Every line below from the one with "Lynlås vedhæng brun elastik, er 15 cm lang." through the one with "В Киеве во время" should be retyped exactly, both ends included; no other lines and no pictures.

(Beginning of Data under study)

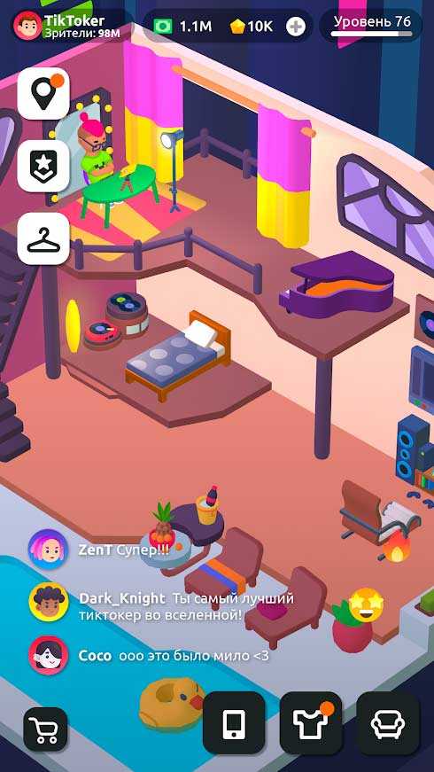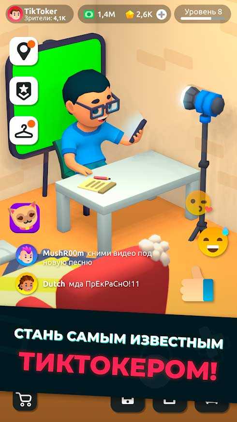 Idle Tiktoker – это крутой мобильный симулятор тиктокера, в котором вы сможете стать настоящей звездой. Разбогатейте на своей популярности, записывая видео и показывая их всему миру. Развивайте канал, набирайте подписчиков и становитесь все известнее. Лишь самые яркие и запоминающиеся личности смогут пробраться в топ тиктокеров и занять там верхние места – постарайтесь стать одним из них.Информация об игре
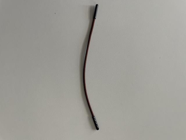 Lynlås vedhæng brun elastik, er 15 cm lang.
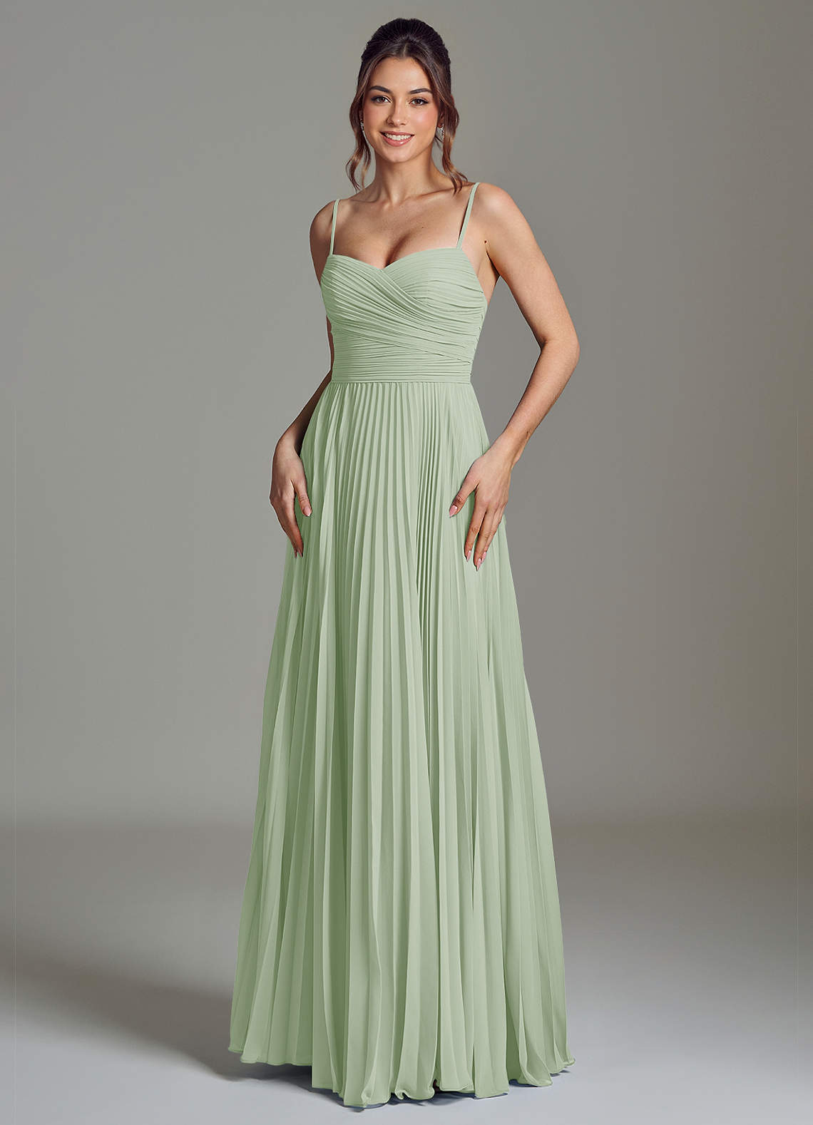 Azazie Catie 신부 들러리 드레스 A라인 스윗하트 네크라인 쉬폰 바닥 길이 드레스 image1
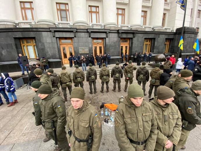 В Киеве во время митинга медиков мужчина поджег себя у офиса президента Украины Владимира Зеленского.
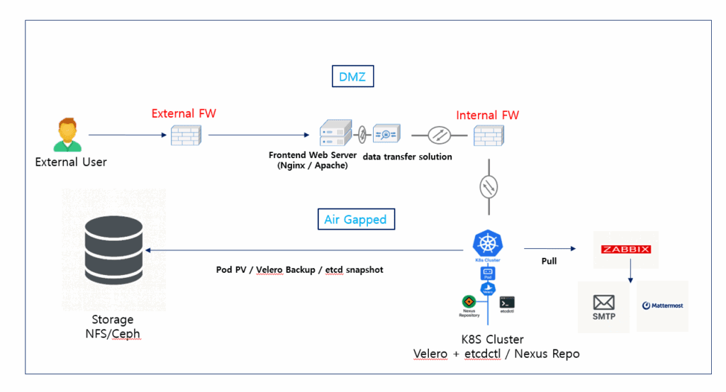 The following design illustrates a practical Kubernetes cluster architecture applicable to real-world air-gapped environments.
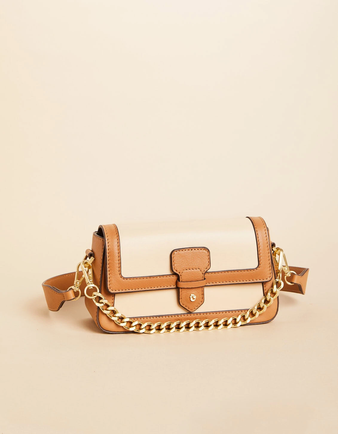 All the style in soft, premium, natural grain leather with a matte gold chain link shoulder strap. This trendy shoulder bag converts to a crossbody and will be the bag you reach for over and over again.
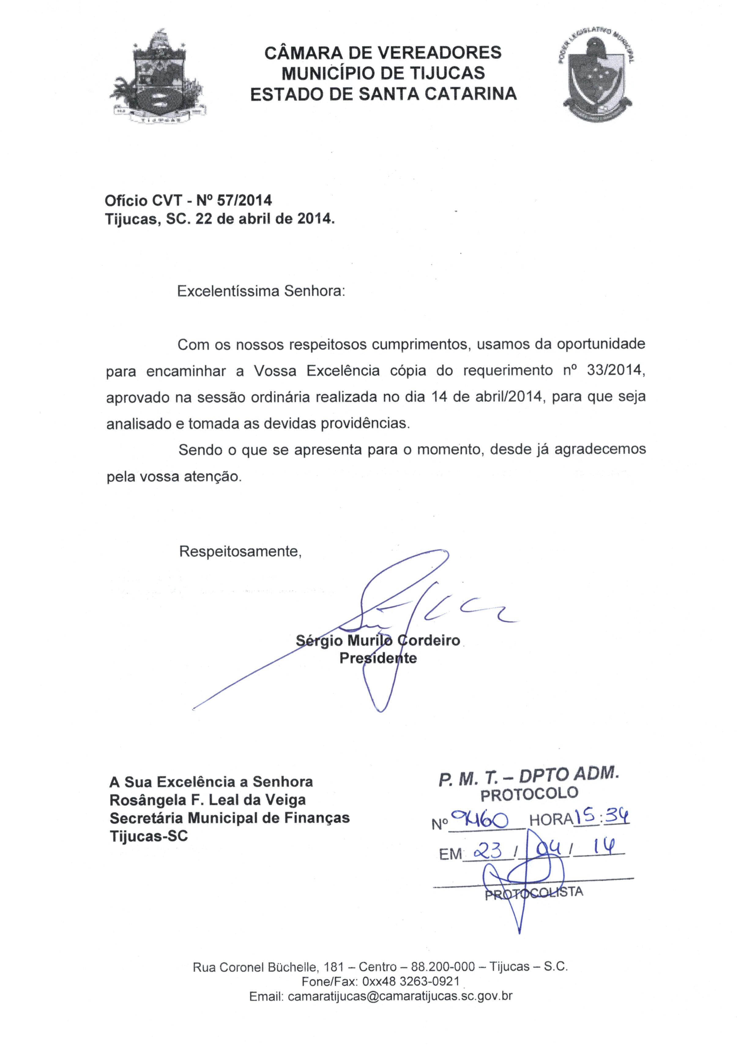 | OFÍCIO CVT Nº 57/2014 | Ofício | 23/04/2014 | SERGIO MURILO CORDEIRO | 1919.jpeg |

(End of Data under study)

## Result for this task
 Lynlås vedhæng brun elastik, er 15 cm lang.
 Azazie Catie 신부 들러리 드레스 A라인 스윗하트 네크라인 쉬폰 바닥 길이 드레스 image1
 В Киеве во время митинга медиков мужчина поджег себя у офиса президента Украины Владимира Зеленского.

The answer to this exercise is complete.